San Diego’s Wild Animal Park takes visitors on an African Safari-like experience. Covering 1,800 acres, the park allows a wide variety of wild animals room to roam freely in natural settings.
Visitors get the opportunity to see many different types of animals, without having to travel to their native habitats in Asia and Africa.
The park nurtures endangered species and in a period spanning close to 30-years, hundreds of nearly-extinct species have been born in the park and dozens of have been re-introduced into the wild.
Sea World which opened in Mission Bay in 1964, is alive with many denizens of the deep showing off in their large glass-walled tanks. Residents include whales, sharks, dolphins and penguins, and of course, the always-entertaining killer whales. However, Sea World is expensive and the lines can be long on weekends and holidays.
San Diego’s Pacific coastline provides year-round outdoor recreation - with surfing, boating, sailing and swimming.
Just north of the city, along the coast, are the towns of La Jolla and Del Mar, where the wealthy retreat to reside in exclusivity.
Located north of San Diego on the Pacific Ocean bluffs of La Jolla is the famous Scripps Institution of Oceanography. Founded in 1903, its large staff pursues marine science research projects worldwide.
San Diego is also known for the highly respected Salk Institute for Biological Studies, established over 40 years ago by Jonas Salk, the developer of the polio vaccine. The Institute conducts biological research in the areas of Molecular Biology and Genetics, Neurosciences and Plant Biology - with a goal to understand and improve human health.
Located on the east side of San Diego Bay, south of the Coronado Bay Bridge, partly in the city of San Diego and partly in National City is the Naval Station, San Diego, which is the home port for the U.S. Pacific Fleet’s Naval Surface Force.
Next door to the south of San Diego is neighboring Mexico, with the nearby coastal towns of Tijuana, Rosarito and Ensenada, bordering the Pacific coastline. Although they provide picturesque getaways, don’t expect great food, drinks or cheap prices.
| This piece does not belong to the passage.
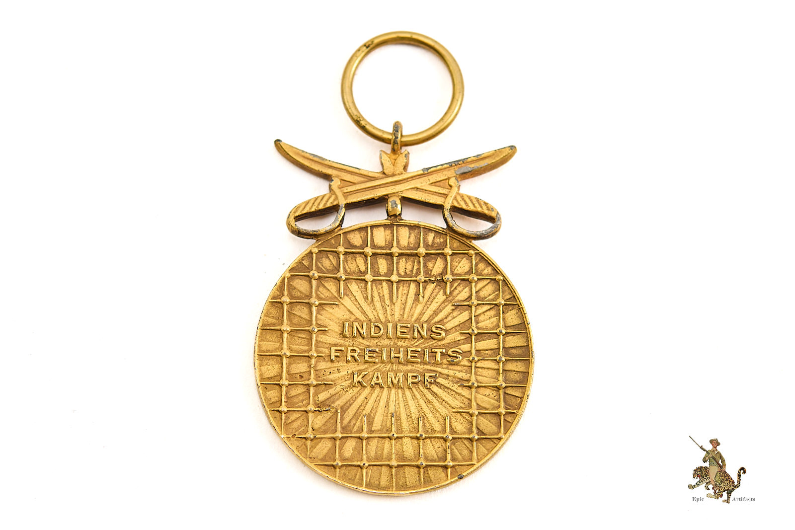 Product Description: A rare Azad Hind Gold Medal with Swords, attributed to possible manufacture by Rudolf Souval, associated with the Free Indian cause during the Second World War. Awarded for service in support of the Azad Hind movement, the medal was conferred upon both Indian and German recipients, reflecting the international dimension of the struggle against British colonial rule.

San Diego is known for some of the best beaches in the world, among which are: Mission Beach, Pacific Beach, Ocean Beach, Sunset Cliffs, La Jolla, Coronado, Del Mar, and the North County beaches, which include Encinitas and Carlsbad. Sunny days and mild, year-round weather attracts thousands of sun-worshippers, surfers, body boarders, swimmers, kayakers, and those who just want to sunbath and hangout.
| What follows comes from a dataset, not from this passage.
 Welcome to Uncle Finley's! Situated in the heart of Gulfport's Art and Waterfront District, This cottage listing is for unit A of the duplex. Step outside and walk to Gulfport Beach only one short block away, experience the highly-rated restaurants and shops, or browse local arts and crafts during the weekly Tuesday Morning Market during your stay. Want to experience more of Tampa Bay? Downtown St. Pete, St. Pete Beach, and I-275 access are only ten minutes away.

Mission Beach spans nearly two miles of ocean between Mission Bay to the east and Pacific Beach to the north. Its Boardwalk is lined with condos, shops, restaurants and food and drink stands. It offers great people watching, while they Jog, bike, roller blade and stroll up and down the beach front.
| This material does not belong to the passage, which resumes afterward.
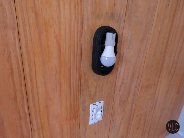 6. Na parte das tomadas, puxamos elas pra frente e instalamos aquelas luminárias de jardim, estilo tartaruga.

Mission Beach also offers the 1920’s nostalgia of a unique beachfront rollercoaster, the Big Dipper - in Belmont Park, at the north end of Mission Beach. Built in 1925, this antique 73-foot-tall wooden rollercoaster has been restored and offers a thrilling ride high above Mission Beach.
A favorite beach among locals and surfers is Pacific Beach. It is a classic California beach town with a resident mix of surfers, local beach bums, college students, professionals, and families. There’s always action on and around the boardwalk and on nearby Mission Boulevard, Grand Avenue and Garnet Avenue - with numerous surf shops, funky clothing stores, craft galleries, coffee shops, bars and dining establishments. Along the boardwalk and neighboring cliffs that overlook the ocean area are a mix of 30s-style beachfront cottages sitting next to large, upscale, earth-toned condos, where locals live.
When the surfs up, the surfers grab their colorful boards and head into waves.